(Data excerpt begins)
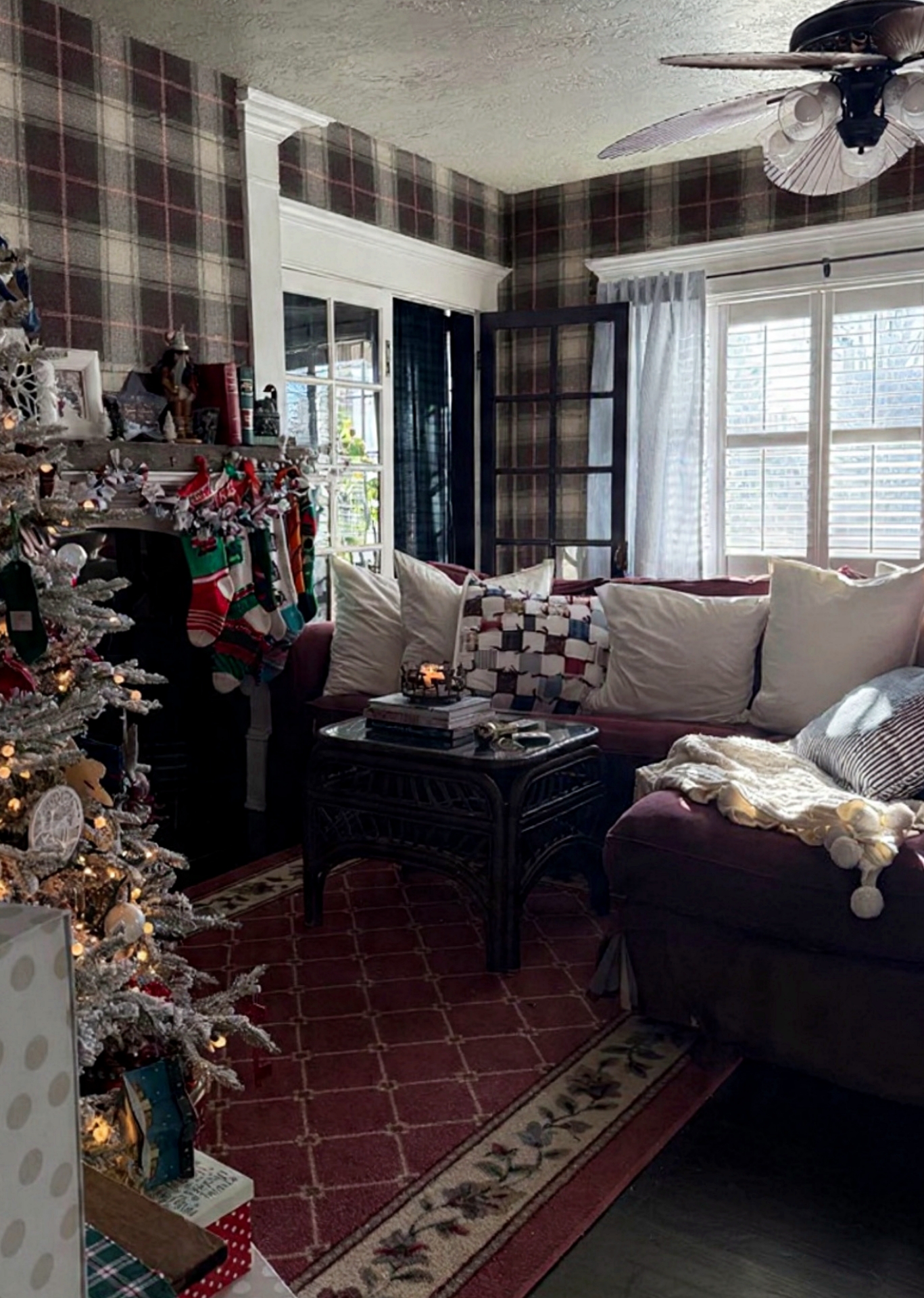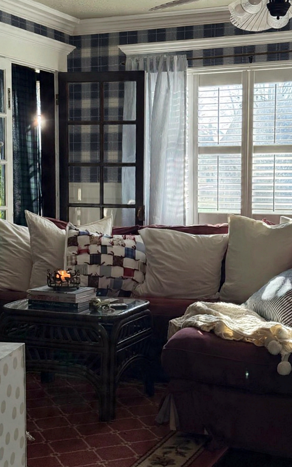 Our living room looks so much cozier with plaid wallpaper!
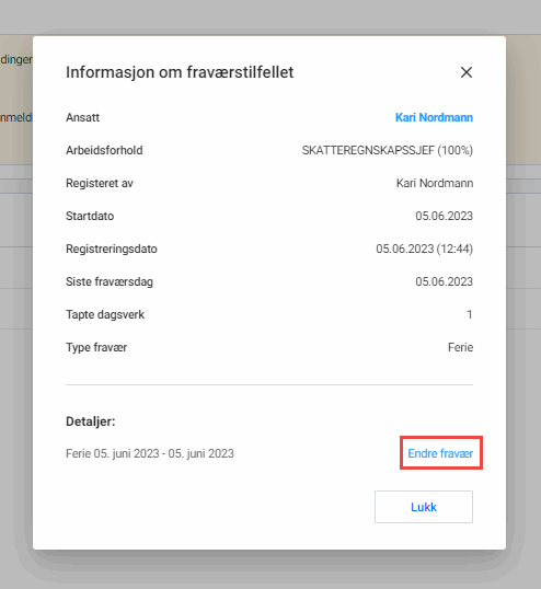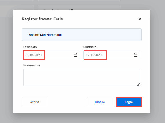 4. Du kan enten endre datoer og klikke på Lagre, eller velge Slett fravær
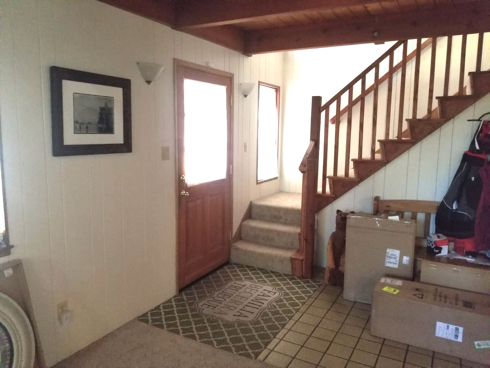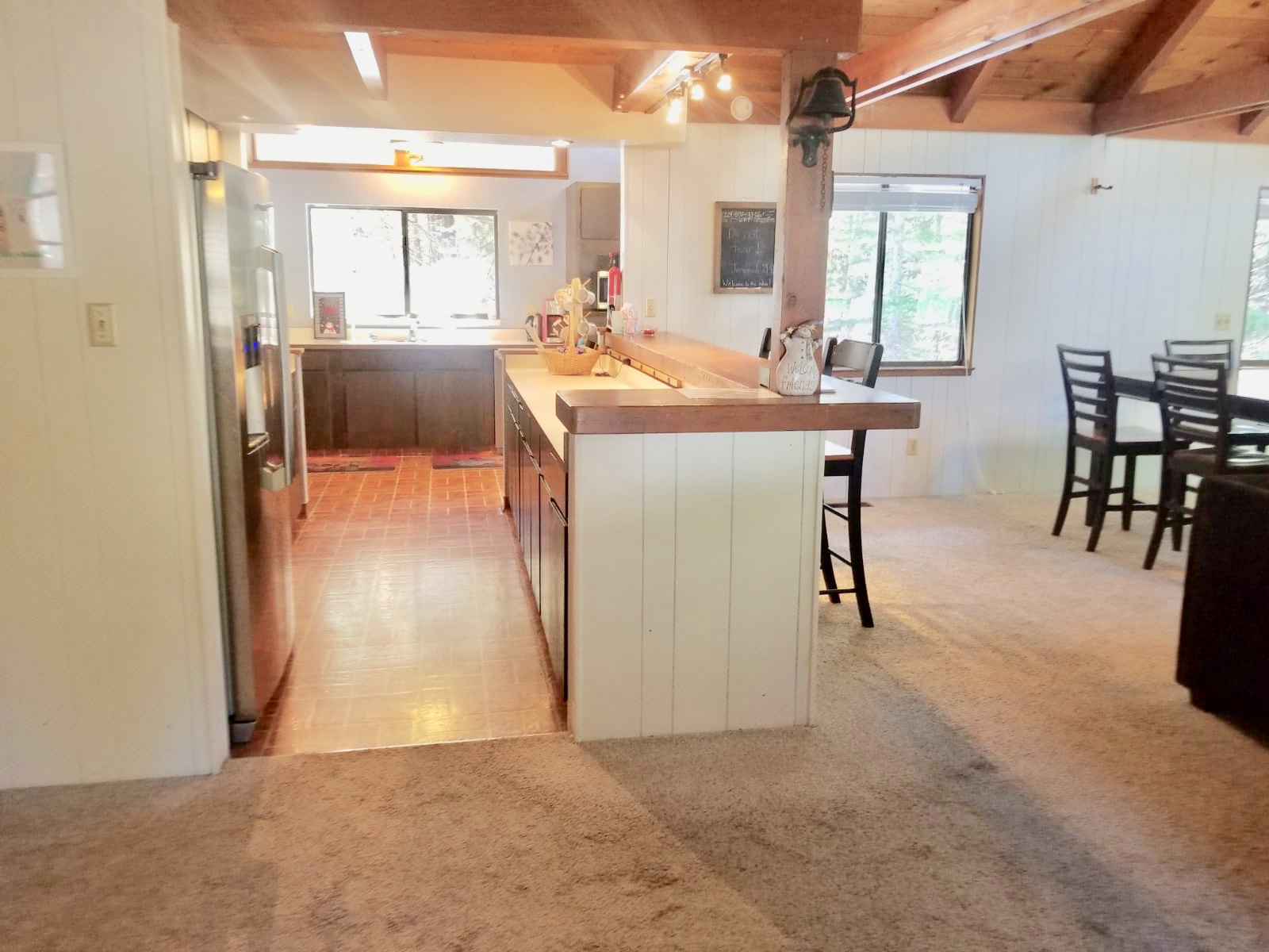 There is a kitchen, living room, and 2 rooms on the upper level and 4 rooms on the lower level.
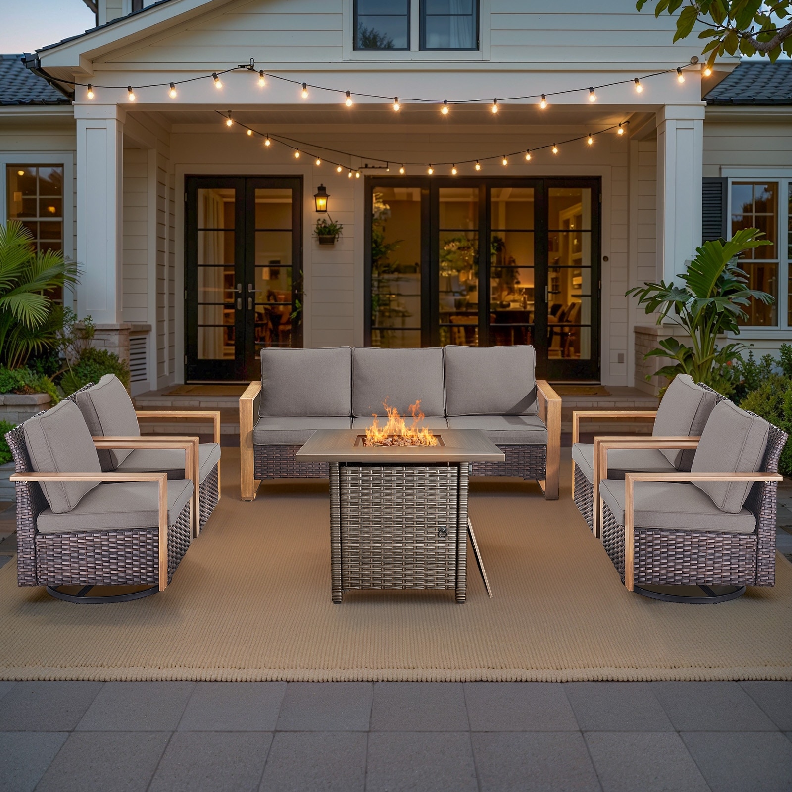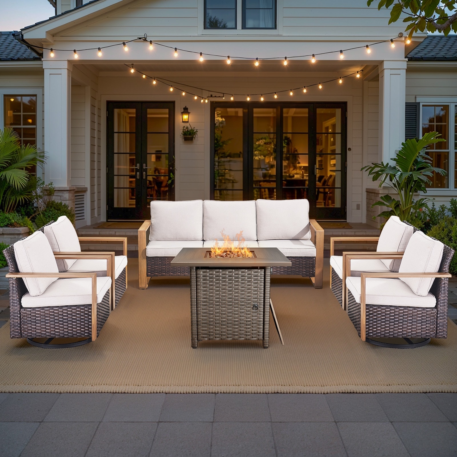 Pocassy 41 in Fire Table with Patio Sofa Swivel Chair Ottoman
(Data excerpt ends)
## Task objective
Return each of the lines exactly as they appear above, with no images.

## Task output
 Our living room looks so much cozier with plaid wallpaper!
 4. Du kan enten endre datoer og klikke på Lagre, eller velge Slett fravær
 There is a kitchen, living room, and 2 rooms on the upper level and 4 rooms on the lower level.
 Pocassy 41 in Fire Table with Patio Sofa Swivel Chair Ottoman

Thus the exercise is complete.